I am trying to write a set of hotkeys to streamline and automate a Data Entry task. We keep customer records in a webbased CRM program called ONYX and we often need to send this data to another webform. This requires that we handkey all this data a second time, which is "High Tomfoolery" IMHO. So using my newly learned skills inside AHK_L (AutoHotkey110703_Install.exe) and Regexmatch I have written a script that should do the job. First I have it highlight and copy the customer record from ONYX and append it into a tasty txt file. Then from there I have it Parse and Regexmatch for different strings and store them to VARs for later outputting into a webform. I have got it up but am stymied in a few spots. I have attached the AHK file as well as a mocked up data source to play with.

Issue #1, My Customer's First and Last Name will always be located before this "Needle Value" "(ID:" that you see on the 1st line of the ONYXRaw1.txt. I cannot figure out how to make the script to "backtrack from that Needle Value 'anchor' to collect the names.

Issue #2, Sometimes the customer has 2 address lines and I cannot get my address parsing loop to work right. Since it works 100% correctly in another AHK script (doing a different job) I am a bit stumped what I have done wrong.

Issue #3, When getting the Telephone number parsed the sucker works right with I Manually set the values inside the script see Purple section on CTRL+SHIFT+0 (Zero) MACRO#2. But when I use a FileRead from the txt to load from the txt file it fails. See Red section.

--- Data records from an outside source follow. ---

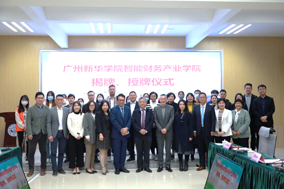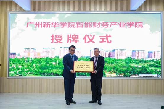 随后,在校企双方代表的见证下,双方举行了智能财务产业学院揭牌和授牌仪式。
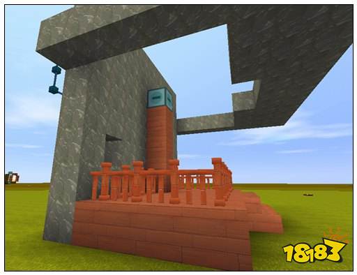 最后一步就是美化部分,用一面岩石墙把电梯电路和搭载部分给隔开,然后在二楼搭一个平台(也必须用自然生成的方块,比如岩石),其实也就是二楼的地板。
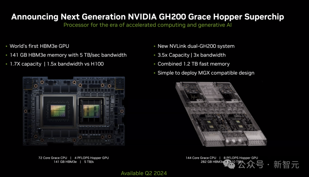 在单个服务器上,通过NVlink连接的双GH200芯片可以提供比H100高3.5倍的GPU内存容量和3倍的带宽。
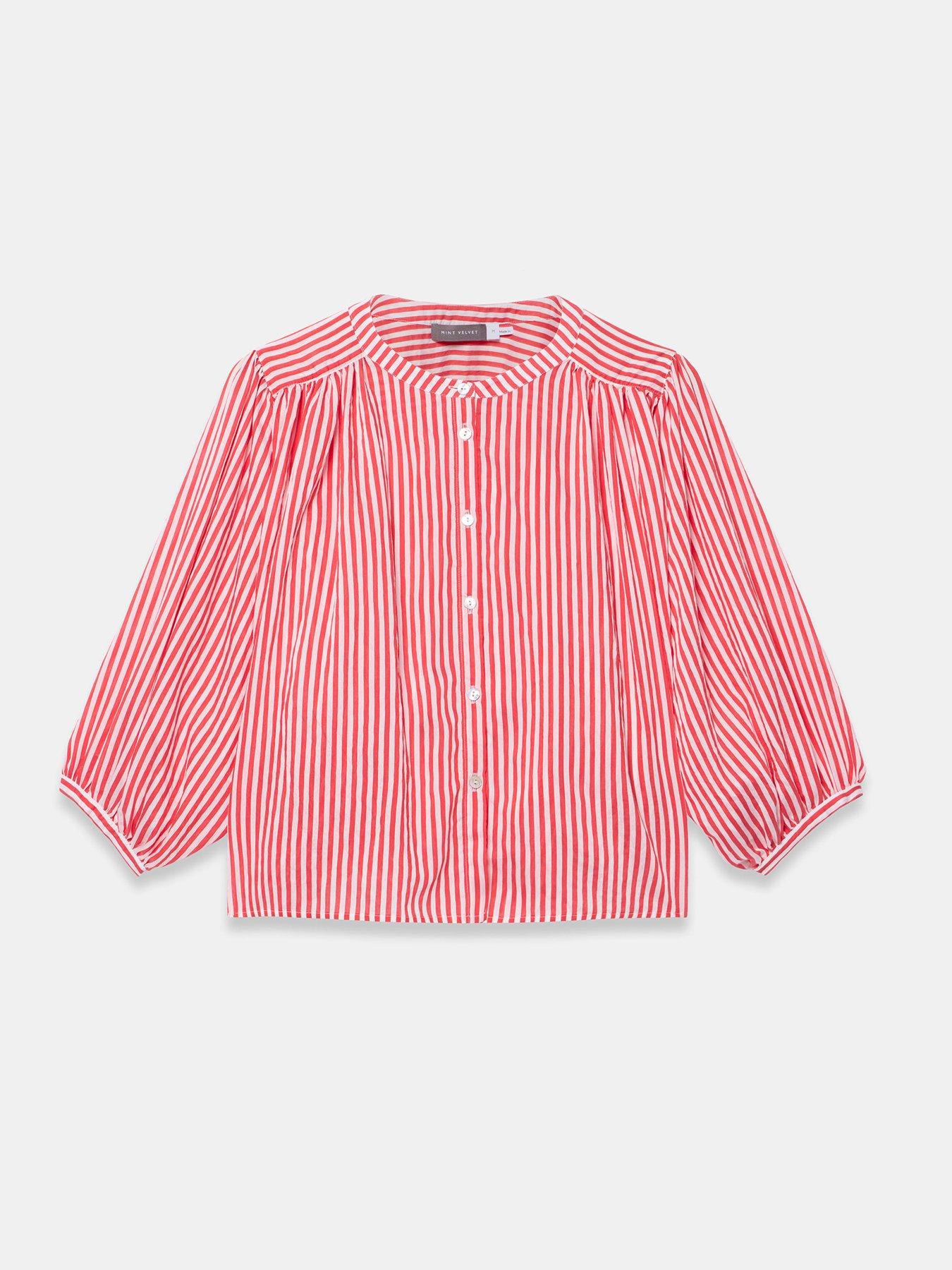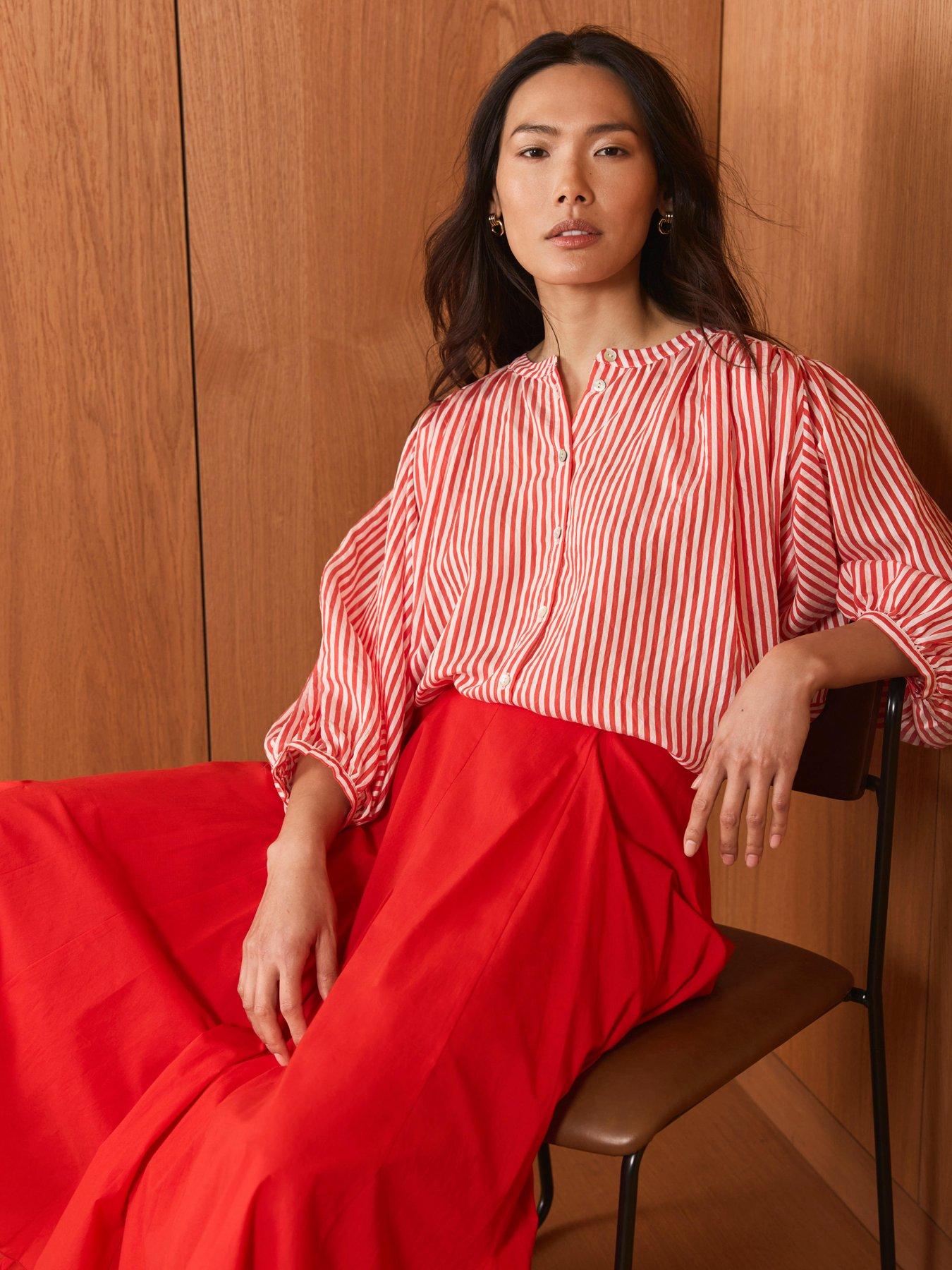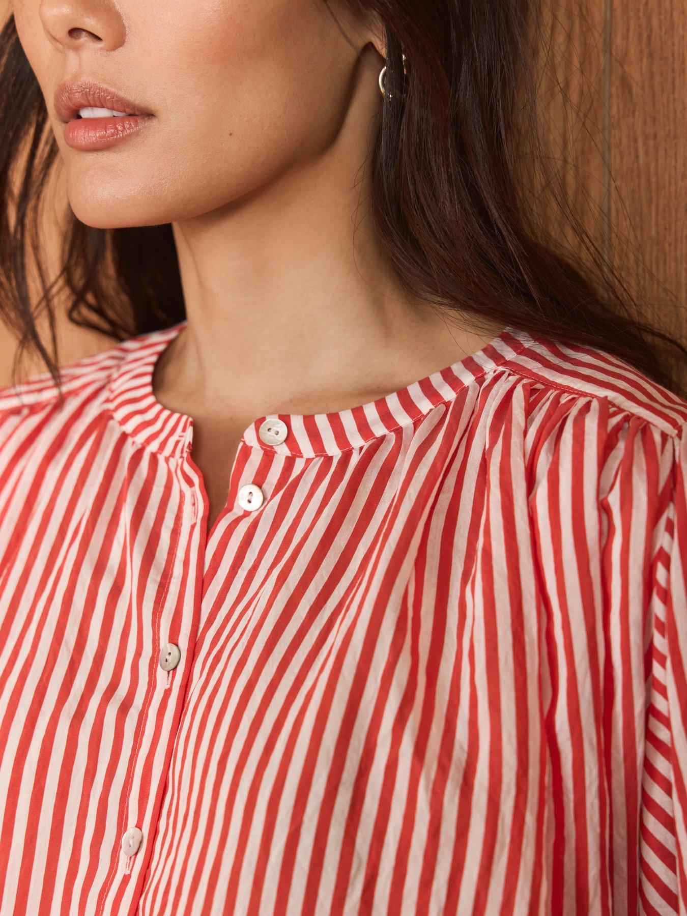 Mint Velvet Red Stripe Batwing BlouseRed striped gathered blouse featuring a crew neckline, 3/4 length buttoned sleeves with a button fastening through the front.
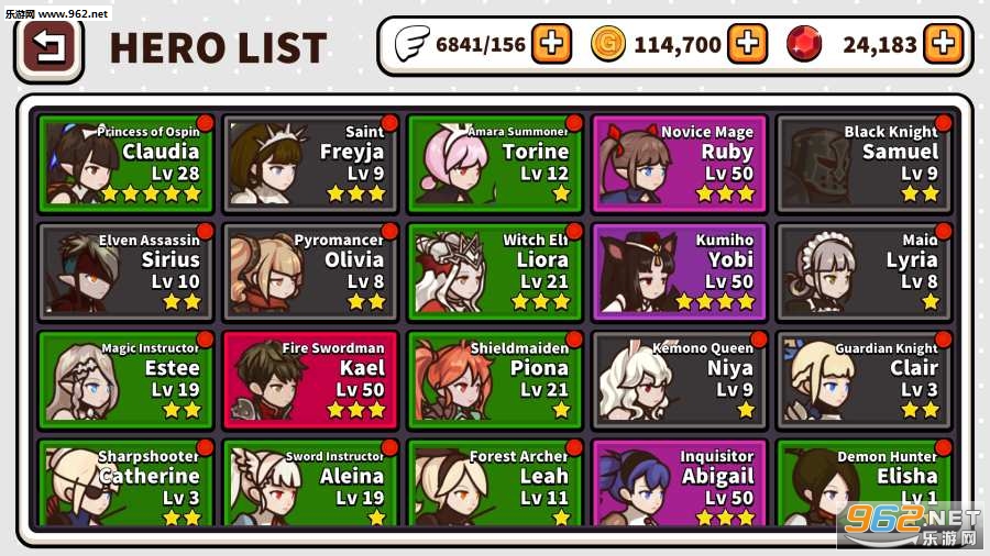 1、各种各样的英雄等着你的召唤,将一个个强大的英雄编入你的小队
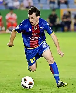 In the 2009–10 season, Suárez repeated the feat (again netting in double digits), as the Valencians returned to La Liga after a two-year absence.[5] On 28 August 2010, at the age of 31 years, six months and nine days, he made his debut in the top division, opening the score at home against Sevilla FC through a penalty kick, in an eventual 1–4 defeat.[6]
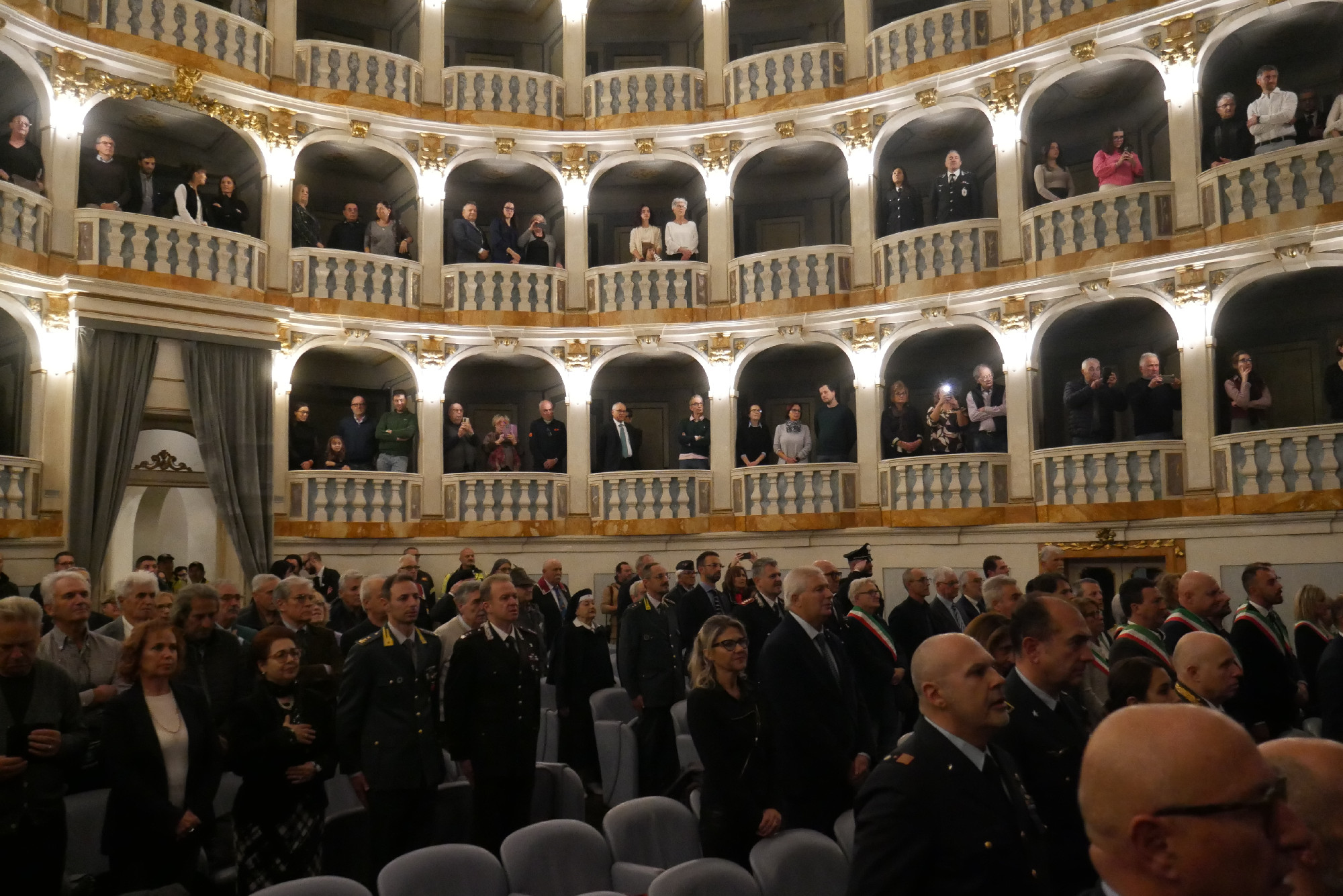 Nel pomeriggio di lunedì 3 novembre, alle 16:30, il Teatro Lauro Rossi di Macerata ha ospitato la cerimonia di consegna dei diplomi dell’Ordine "Al Merito della Repubblica Italiana" e delle medaglie d’onore conferite dal Presidente della Repubblica ai cittadini italiani, militari e civili, deportati e internati nei lager nazisti e destinati al lavoro coatto per l’economia di guerra, nonché ai familiari dei deceduti.
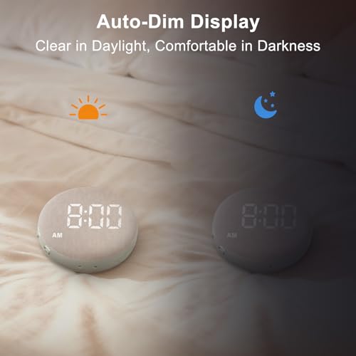 AUTO-DIM DISPLAY WITH 5 BRIGHTNESS LEVELS: The LED screen automatically adapts to the ambient light or may also be manually adjusted in five levels. Bright in daylight, soft at night — keeping your bedroom comfortable and protecting your quality sleep.
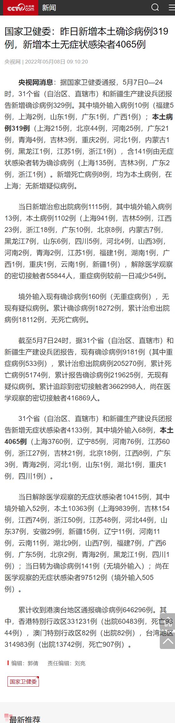 央视网消息:据国家卫健委通报,5月7日0—24时,31个省(自治区、直辖市)和新疆生产建设兵团报告新增确诊病例329例。其中境外输入病例10例(福建5例,上海2例,山东1例,广东1例,广西1例);本土病例319例(上海215例,北京44例,河南25例,广东21例,青海4例,吉林3例,重庆2例,河北1例,内蒙古1例,黑龙江1例,江苏1例,浙江1例),含141例由无症状感染者转为确诊病例(上海135例,吉林3例,广东2例,浙江1例)。新增死亡病例8例,均为本土病例,在上海;无新增疑似病例。
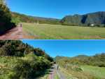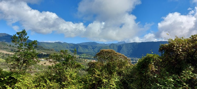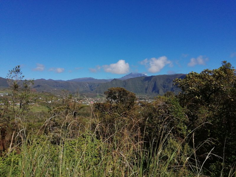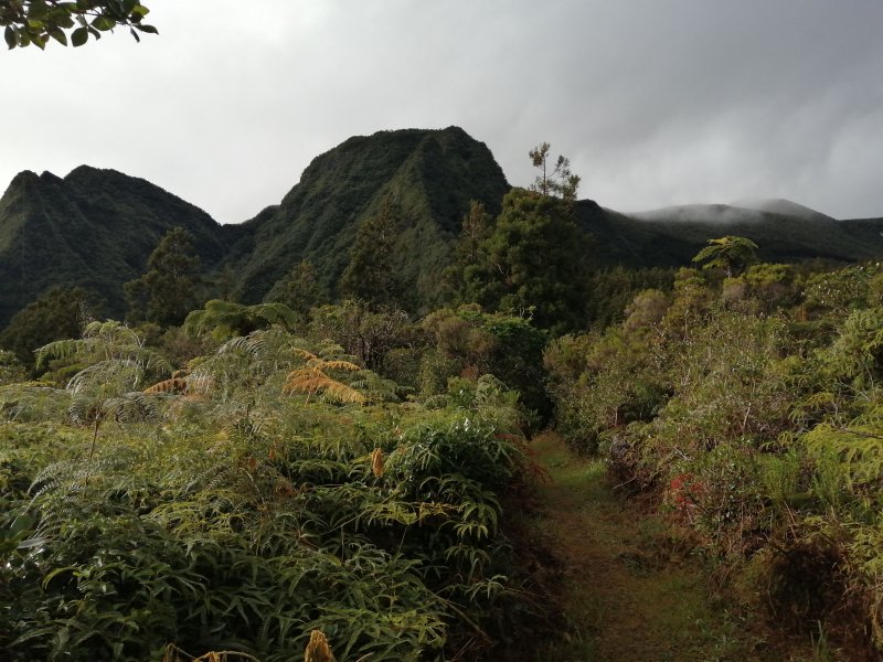 Il y a peu de temps, j'avais voulu effectuer la randonnée 1122 - Le Piton des Cabris par la Route Omega, etc- dans le même secteur. J'ai démarré vers la ruelle des Acacias. La pluie s'est invitée rapidement, alors j'ai préféré dévier sur le sentier menant au départ du sentier Piton Textor, puis la RF, la rue Saint Ange Vella, et retour par les rues parallèles à la RN5. Une boucle incluant la foret des Cryptomérias, la route Omega, le sentier des ligne 500 et des ruelles avec des jolies cases et jardins qui m'a donné envie d'y retourner. Donc quand j'ai vu cette proposition, j'ai foncé! Cette fois-ci, j'ai démarré à Bras des Calumets en faisant la boucle dans le sens indiqué sur la fiche. Eh bien, je suis déçue...mais uniquement par le nom de la randonnée. En cette saison, je pensais me gaver de goyaviers sur tout le parcours! Hé non, ils se méritent! Si 5+h de marche avec autant de béton/goudron ne vous inspire pas, sachez que vous pouvez aisément raccourcir. La Plaine des Palmistes vaut le coup d'être visité.
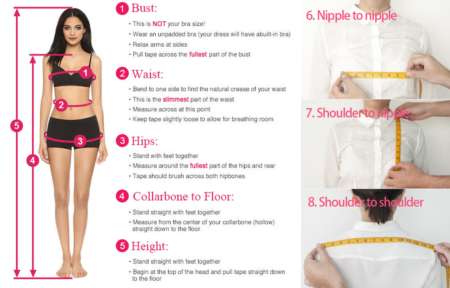 Size Unit: Please refer to the above standard size chart carefully if you choose standard size, to make sure the standard size fit you well. Sizes (bust)/(waist)/(hips)/(Hollow to Floor) are very important.If you need to do custom size, please provide sizes listed below:
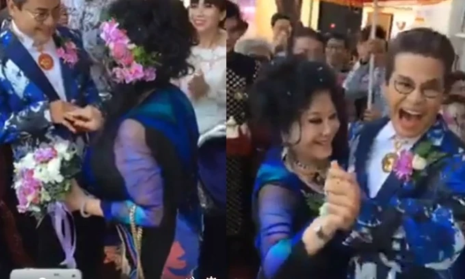 Hình ảnh clip đám cưới gây xôn xao trưa 14-7 của nghệ sĩ Thanh Bạch và bà Thúy Nga.
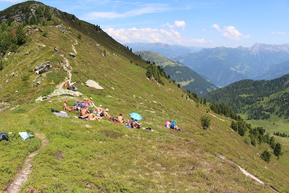 Naked European Walking Tours (NEWT) 2024. Wie jedes Jahr fanden die Naked European Walking Tours in Österreich statt, diesmal vom Sonntag, 7. Juli, bis Sonntag, 14. Juli 2024. 45 Teilnehmer aus 12 Ländern konnten 6 Tage lang in den Tiroler Alpen im Zillertal wandern.
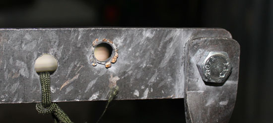 The side bars fared much worse, with two perforations to one arm in particular. The damage to the stand can be mostly attributed stray rounds ricocheting from the lanes next to me on either side
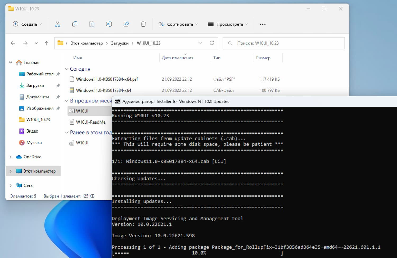 - Скачайте два файла обновления KB5017384 (.CAB и .PSF) для выбранной платформы (x64 или ARM64) и поместите в папку W10UI_10.24.
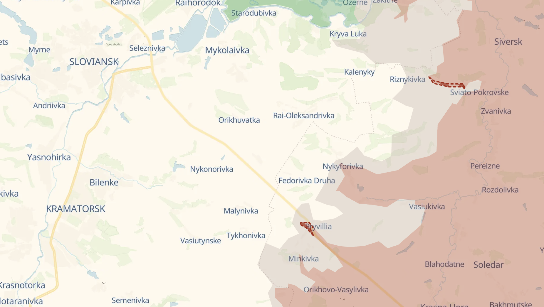 Podle vojenské veřejné skupiny Deep State postupovali podél dálnice Bachmut-Slavjansk poblíž Privolje a Golubovky. Na severu Rusko postupuje poblíž Reznikovky.
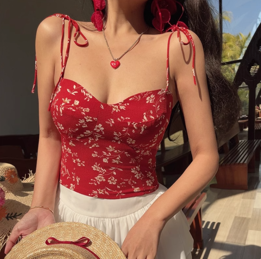Retro holiday style hot girl sexy slim floral strappy camisole
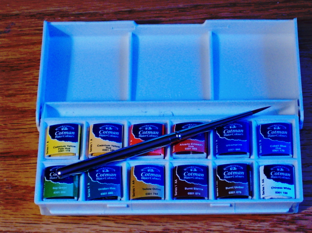 Inside are 12 half pans of basic colors from Winsor & Newton with the cutest little brush, it unfolds and looks like then when open:
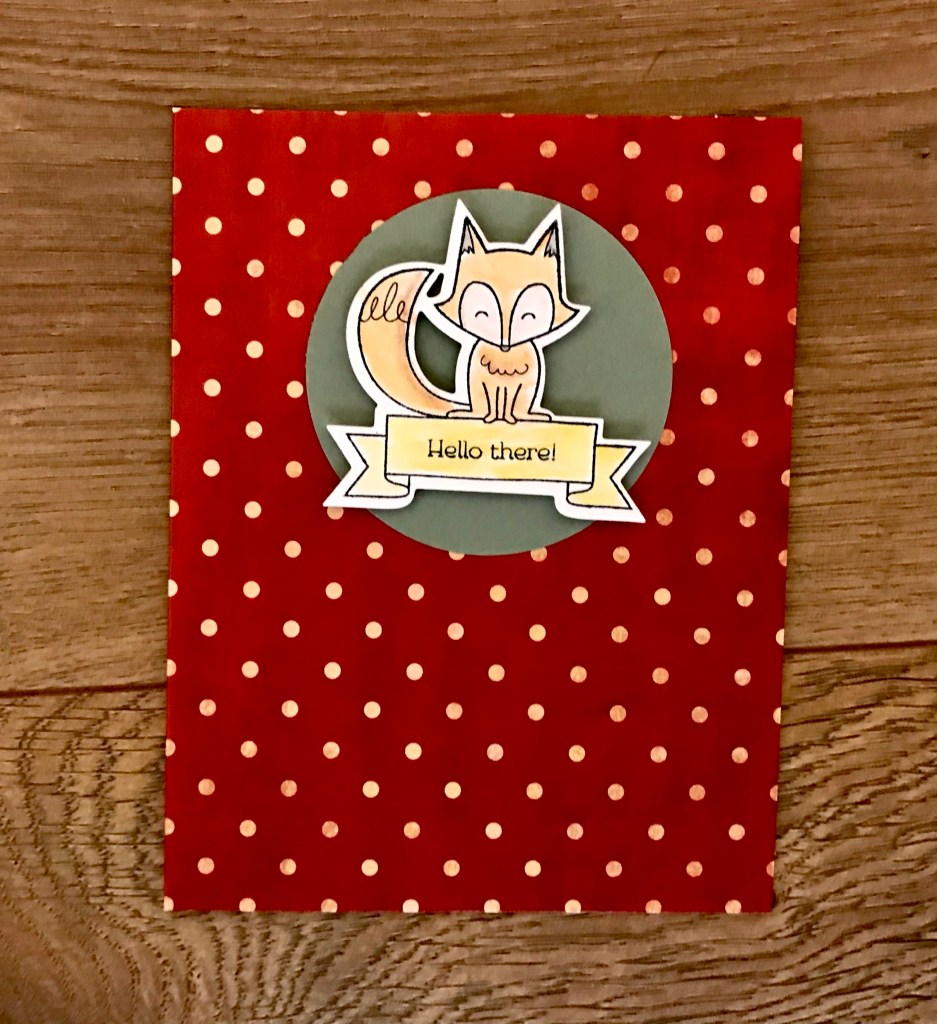 I punched a 2.25 inch circle out of olive green card stock from LCI Paper and glued it on to the card front. Used the fox stamp with the “hello there” sentiment and a bit of water color pencils to make the image pop a little. I mounted the image on foam squares to add a bit of depth.
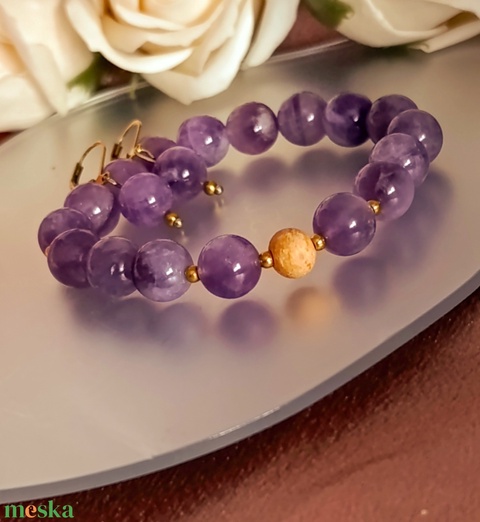Ametiszt ásványkarkötő illatos Palo Santoval és fülbevalóval
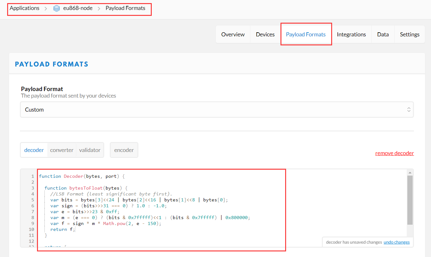 Similar with TTN, add relevant decode script in the Applications -> Node name -> APPLICATION CONFIGURATION

;[color=#FF0080] CRTL+SHIFT+o (o as in Oscar)[/color] Start in Outlook Shared ROLE account for WGU Regs.  Opens Email, strips the empty spaces and white spaces, parses the data for student info, stores that info to VAR set, Overpastes info back into Outlook and saves it.
^+o::
KeyWait, o
Clipboard =
;WinActivate, ahk_id %Onyx1%
;Sleep 500
;MouseClick, Left, 154, 183, , ,D
;Sleep 250
;MouseClick, Left, 1381, 524, , ,U
;Sleep 500
;Send ^c  ; Highlight All and Copy
;ClipWait
;ONYXRaw := Clipboard
;FileDelete, ONYXRaw1.txt
;FileAppend, %ONYXRaw%, ONYXRaw1.txt ;create raw txt file with the ONYX Info
;Sleep 250
;MouseClick, Left, 660, 500
[color=#FF0080]FileRead, ONYXdata, ONYXRaw1.txt[/color]
; This section catches & stores the address first, it can tell if there are 2 or 3 address lines.
Loop, parse, ONYXdata, `n, `r
{
  if inStr(A_LoopField, "Home Address")
    nexlineIsAddress := 1
  else if (nexlineIsAddress)
  {
    address := A_LoopField
    nextlineMightBeAddress2 := 1
    address2 := ""
    nexlineIsAddress := 0
    continue
  }
  else if   RegExMatch(A_LoopField,"^(.*) ([A-Z]{2}), (\d{5})",_)
  {
    City :=   _1, State :=   _2, ZipCode :=   _3
    nextlineMightBeAddress2 := 0
  }
  else if (nextlineMightBeAddress2)
  {
    _address2 := A_LoopField
    nextlineMightBeAddress2 := 0
  }
}
; This next section catches & stores the First Name, Last Name, ONYX email address, Student ID#, and Telephone Number.
Loop, parse, ONYXdata, `n, `r
{
#name    := "Name:\s+?(?P<fName>\w+)\W+?(?P<lName>.*?)\r?\n"
#email   := "Email\s+?(?P<eMail>.*?)\r?\n"
#StudentID := "SSN\s+?(?P<StudentID>.*?)\r?\n"
[color=#FF0080]#phone    := "Home\s+\W?(?P<aCode>\d{3})\W+?(?P<ph1>\d{3})\W+?(?P<ph2>\d{4})\r?\n"[/color]
;#phone    := "Home ((?P<aCode>\d{3})\W+?(?P<ph1>\d{3})\W+?(?P<ph2>\d{4})\r?\n"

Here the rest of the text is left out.